Background & Summary
Introduction
The development of molecular force fields driven by data is predominantly benchmarked against the MD17 dataset introduced by Chmiela et al.1 and its extension, the rMD17 dataset2. These datasets consist dynamic data of ten small to medium-sized gas-phase molecules. In molecular dynamics, data are intrinsically time-series sequences, necessitating careful sampling to prevent unintended information leakage into future states. A detailed analysis of MD17 and its variants reveals a significant sampling bias towards a narrow potential energy surface (PES) region close to the equilibrium structure. This narrow exploration of PES leads to limited conformation and energy space sampling, as our internal coordinate analysis shows. Thus, these datasets are suboptimal in terms of segmentation strategy and the molecular conformation space they cover.
For our discussion, we refer to these conventional molecular dynamics datasets as in-distribution datasets. Yet, many chemical processes of interest occur out-of-distribution. Consider a basic chemical reaction depicted in Fig. 1: the nuclear configuration space includes reactants, transition states, and products. Sampling exclusively from the reactant region fails to capture the full dynamics of chemical reactions. As a result, NFF models trained on such skewed datasets are biased towards reactant configurations, potentially leading to qualitatively inaccurate predictions for a complete chemical reaction.
To overcome these challenges, we introduce the extended excited-state molecular dynamics (xxMD) dataset in this work. The xxMD retains the core objective of capturing trajectory data for small to medium-sized gas-phase molecules but distinguishes itself by incorporating nonadiabatic trajectories which include the dynamics of excited electronic states. Comprising four photochemically active molecules, the xxMD begins with significantly higher initial energies, enabling it to traverse a more extensive nuclear configuration space and more authentically represent the entire chemical reaction PES — reactants, transition states, and products. Notably, the xxMD captures regions near conical intersections, which are critical to the pathways of potential energy surfaces across different electronic states3,4,5,6,7,8. By including these key regions, the xxMD dataset aims to establish new benchmarks and challenges for NFF models, providing a more comprehensive and chemically accurate dataset for the development of predictive models.
We note that our development of xxMD datasets is not the first attempt ever to try to go beyond the (r)MD17 datasets. For example, the recently developed WS22 database9 tries to include nuclear configurations from multiple minima and interpolate among these configurations. Although WS22 has gone beyond (r)MD17, the xxMD datasets developed in current work involve much more complex configurations, for example, regions that correspond to conical intersections and locally avoided crossings.

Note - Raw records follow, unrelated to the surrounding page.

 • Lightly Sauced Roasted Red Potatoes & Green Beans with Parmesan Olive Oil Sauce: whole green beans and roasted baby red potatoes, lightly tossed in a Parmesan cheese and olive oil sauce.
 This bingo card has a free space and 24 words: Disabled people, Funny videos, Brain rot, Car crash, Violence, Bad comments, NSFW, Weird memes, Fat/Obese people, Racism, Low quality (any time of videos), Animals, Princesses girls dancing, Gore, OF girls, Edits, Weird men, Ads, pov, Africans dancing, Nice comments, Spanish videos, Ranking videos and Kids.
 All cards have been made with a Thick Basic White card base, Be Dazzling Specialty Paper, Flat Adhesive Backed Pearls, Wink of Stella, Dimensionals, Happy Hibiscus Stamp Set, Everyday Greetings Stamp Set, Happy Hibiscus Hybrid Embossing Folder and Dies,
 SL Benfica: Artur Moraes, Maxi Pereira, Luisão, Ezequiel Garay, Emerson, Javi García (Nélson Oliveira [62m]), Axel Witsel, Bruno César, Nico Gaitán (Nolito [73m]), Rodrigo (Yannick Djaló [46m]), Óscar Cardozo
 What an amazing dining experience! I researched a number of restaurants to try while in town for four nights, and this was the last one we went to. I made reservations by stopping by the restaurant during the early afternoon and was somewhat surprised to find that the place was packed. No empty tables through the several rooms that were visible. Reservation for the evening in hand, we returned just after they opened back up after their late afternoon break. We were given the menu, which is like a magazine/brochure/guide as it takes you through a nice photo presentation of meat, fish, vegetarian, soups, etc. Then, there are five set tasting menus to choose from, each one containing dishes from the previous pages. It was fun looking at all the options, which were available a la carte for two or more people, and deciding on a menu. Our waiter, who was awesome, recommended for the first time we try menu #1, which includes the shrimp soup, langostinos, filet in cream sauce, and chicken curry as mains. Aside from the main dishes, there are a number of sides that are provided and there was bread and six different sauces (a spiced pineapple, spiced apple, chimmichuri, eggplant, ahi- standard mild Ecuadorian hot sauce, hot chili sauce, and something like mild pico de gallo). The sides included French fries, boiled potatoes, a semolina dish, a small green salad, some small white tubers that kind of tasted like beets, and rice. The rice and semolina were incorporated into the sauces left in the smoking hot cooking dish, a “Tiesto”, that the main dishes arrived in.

Existing datasets: MD17 and its variant
Chmiela et al. performed adiabatic ab initio molecular dynamics (AIMD) simulations on small gas-phase molecules at room temperature, with the electronic potential energies computed at the Kohn-Sham density functional theory (KS-DFT) level1. However, the original publication did not provide detailed specifics about the density functional, basis set, spin-polarization, grid for integration, and the software used. This lack of transparency presents a challenge for reproducibility and may limit the utility of the dataset for certain types of chemical simulation. Addressing the need for clarity, Christensen et al. revisited the geometries of the MD17 dataset, recalculating them using the PBE density functional with the def2SVP basis set and enhanced grid precision2. This effort led to the creation of the rMD17 dataset, which has since been widely adopted in NFF studies10,11. Nonetheless, it is crucial to note the limitations of the PBE functional and def2SVP basis set for simulating accurate chemical reactions. While these computational tools can produce a continuous PES that varies with nuclear configuration, their ability to yield accurate results for chemically complex reactions — especially those involving bond breaking and formation — is often questioned. Despite these concerns, the MD17 and its refined counterpart, rMD17, are still considered to be well-behaved datasets for benchmarking purposes within certain constraints.

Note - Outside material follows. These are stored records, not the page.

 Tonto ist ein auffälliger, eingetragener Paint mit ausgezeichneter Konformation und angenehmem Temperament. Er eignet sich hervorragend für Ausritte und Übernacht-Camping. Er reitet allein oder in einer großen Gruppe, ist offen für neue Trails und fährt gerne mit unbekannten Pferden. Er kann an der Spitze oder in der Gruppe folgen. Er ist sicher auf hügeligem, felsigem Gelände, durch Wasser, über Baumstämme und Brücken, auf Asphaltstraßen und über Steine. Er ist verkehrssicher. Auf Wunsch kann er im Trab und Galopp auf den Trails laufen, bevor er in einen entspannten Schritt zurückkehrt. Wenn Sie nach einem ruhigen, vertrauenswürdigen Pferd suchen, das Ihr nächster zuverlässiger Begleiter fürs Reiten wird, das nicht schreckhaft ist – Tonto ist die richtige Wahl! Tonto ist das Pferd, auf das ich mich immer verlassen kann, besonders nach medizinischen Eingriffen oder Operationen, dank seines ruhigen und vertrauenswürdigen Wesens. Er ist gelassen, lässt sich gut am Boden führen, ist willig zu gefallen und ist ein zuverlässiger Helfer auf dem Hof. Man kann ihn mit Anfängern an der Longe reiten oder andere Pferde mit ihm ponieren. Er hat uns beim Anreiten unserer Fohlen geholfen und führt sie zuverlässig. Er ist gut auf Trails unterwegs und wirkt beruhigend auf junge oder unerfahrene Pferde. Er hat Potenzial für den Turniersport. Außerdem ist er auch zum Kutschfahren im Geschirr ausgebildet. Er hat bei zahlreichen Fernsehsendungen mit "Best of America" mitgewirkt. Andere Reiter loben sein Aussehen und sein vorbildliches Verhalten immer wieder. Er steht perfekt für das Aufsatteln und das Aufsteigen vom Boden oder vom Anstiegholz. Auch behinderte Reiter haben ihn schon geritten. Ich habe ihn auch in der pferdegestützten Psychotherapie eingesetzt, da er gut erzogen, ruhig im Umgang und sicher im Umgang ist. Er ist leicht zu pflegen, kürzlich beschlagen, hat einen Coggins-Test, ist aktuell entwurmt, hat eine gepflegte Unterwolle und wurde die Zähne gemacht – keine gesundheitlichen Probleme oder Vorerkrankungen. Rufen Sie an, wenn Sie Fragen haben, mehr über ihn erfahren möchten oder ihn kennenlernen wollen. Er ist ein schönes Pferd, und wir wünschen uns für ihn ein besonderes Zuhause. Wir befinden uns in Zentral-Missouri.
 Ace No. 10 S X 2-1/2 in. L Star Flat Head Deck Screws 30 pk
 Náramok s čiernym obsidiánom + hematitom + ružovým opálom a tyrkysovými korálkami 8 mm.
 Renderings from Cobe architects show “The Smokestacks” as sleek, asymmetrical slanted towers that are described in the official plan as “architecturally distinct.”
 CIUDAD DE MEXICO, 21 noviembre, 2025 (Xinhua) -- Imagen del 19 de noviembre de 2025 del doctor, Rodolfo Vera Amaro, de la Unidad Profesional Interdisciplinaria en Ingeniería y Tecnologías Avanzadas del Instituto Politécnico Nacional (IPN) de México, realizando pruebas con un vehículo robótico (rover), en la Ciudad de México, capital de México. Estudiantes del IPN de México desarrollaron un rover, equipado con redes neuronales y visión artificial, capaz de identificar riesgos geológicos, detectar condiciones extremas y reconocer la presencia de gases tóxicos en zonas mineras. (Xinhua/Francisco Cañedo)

Adiabatic molecular dynamics datasets generated at low energy range are inherently limited in their sampling diversity and may not benefit fully from techniques such as uniform sampling and cross-validation. This is particularly true for adiabatic AIMD simulations, where initial low-energy conditions substantially constrain the nuclear configuration space. This limitation results in trajectories that predominantly occupy the reactant region of the PES, as depicted in Fig. 1.

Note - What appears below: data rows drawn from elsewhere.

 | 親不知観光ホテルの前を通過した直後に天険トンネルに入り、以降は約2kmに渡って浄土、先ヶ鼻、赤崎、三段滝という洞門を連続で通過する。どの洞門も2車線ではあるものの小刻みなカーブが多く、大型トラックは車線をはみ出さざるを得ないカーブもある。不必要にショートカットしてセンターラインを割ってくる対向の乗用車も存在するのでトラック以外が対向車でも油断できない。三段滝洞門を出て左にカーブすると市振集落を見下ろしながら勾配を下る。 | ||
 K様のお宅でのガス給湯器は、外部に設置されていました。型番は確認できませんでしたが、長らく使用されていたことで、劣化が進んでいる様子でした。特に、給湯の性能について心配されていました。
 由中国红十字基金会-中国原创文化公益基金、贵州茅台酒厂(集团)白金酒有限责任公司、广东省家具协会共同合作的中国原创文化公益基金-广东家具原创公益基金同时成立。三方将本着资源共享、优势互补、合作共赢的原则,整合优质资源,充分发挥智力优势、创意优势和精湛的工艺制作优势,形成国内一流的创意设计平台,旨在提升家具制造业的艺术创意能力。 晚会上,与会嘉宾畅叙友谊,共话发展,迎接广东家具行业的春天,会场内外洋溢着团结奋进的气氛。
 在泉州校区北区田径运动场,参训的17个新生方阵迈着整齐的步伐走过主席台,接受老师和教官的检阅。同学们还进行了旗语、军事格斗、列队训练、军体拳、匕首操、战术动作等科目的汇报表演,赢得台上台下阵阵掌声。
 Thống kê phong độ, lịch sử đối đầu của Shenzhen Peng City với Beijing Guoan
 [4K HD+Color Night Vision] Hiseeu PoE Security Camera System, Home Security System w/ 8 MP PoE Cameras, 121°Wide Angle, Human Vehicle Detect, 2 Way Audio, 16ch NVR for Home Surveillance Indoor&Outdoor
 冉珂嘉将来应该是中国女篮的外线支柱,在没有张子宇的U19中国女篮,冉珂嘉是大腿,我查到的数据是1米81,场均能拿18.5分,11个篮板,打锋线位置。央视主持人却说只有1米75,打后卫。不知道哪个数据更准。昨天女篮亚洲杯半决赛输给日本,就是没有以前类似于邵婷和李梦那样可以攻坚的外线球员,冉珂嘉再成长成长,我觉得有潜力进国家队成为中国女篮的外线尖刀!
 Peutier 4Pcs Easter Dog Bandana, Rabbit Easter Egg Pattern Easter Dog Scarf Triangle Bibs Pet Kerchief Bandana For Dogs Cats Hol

To evaluate the breadth of configurations in the MD17 and rMD17 datasets, we conducted an analysis focused on internal coordinate distributions for azobenzene (C-N = N-C dihedral angle and the N = N bond length) and malonaldehyde (C-C-C = O dihedral angle and the C = O bond length). These distributions, along with the corresponding relative electronic potential energies and force norms, are illustrated in Fig. 2. The visual representation confirms that the internal coordinates distribution is notably narrow. Consequently, we observe a significant overlap between the training and testing samples within these datasets. Such overlap raises concerns about potential data leakage, which could inadvertently lead to overly optimistic results in benchmarking studies, as discussed in the literature10,11,12,13,14. The findings underscore the need for datasets that encompass a more diverse and extensive sampling of the PES to ensure robust and reliable benchmarks for NFF models.
Dataset requirement
In classical MD and adiabatic AIMD simulations, chemical reactions are characterized by the system’s transition across different minima on the PES. These transitions correspond to changes in electronic potential energy as the system moves through various nuclear configurations. Systems naturally tend to follow the path of least resistance, referred to as the reaction pathway. To develop accurate NFFs, two fundamental elements are required: a comprehensive quantum chemical dataset that captures the full range of molecular transformations from various regions, and an advanced machine learning model with the capacity to interpolate and extrapolate across the PES. Fig. 1 illustrates typical low energy adiabatic AIMD trajectories on a PES. It’s evident that these low energy adiabatic AIMD trajectories tend to be localized around the ground state minima.
In contrast, datasets derived from nonadiabatic dynamics simulations are particularly valuable as they provide a more diverse array of nuclear configurations, going beyond the limitations of low energy adiabatic AIMD. These enriched datasets allow for the exploration of PES regions that are critical for understanding complex chemical processes, which are often not adequately represented in low energy adiabatic simulations.
Summary
In summary, the xxMD dataset developed in current work includes four molecular systems: azobenzene, malonaldehyde, stilbene, and dithiophene, with crucial geometries along their reaction pathways illustrated in Figure S3. Notably, azobenzene and malonaldehyde are also part of the MD17 and rMD17 datasets, allowing for direct comparison.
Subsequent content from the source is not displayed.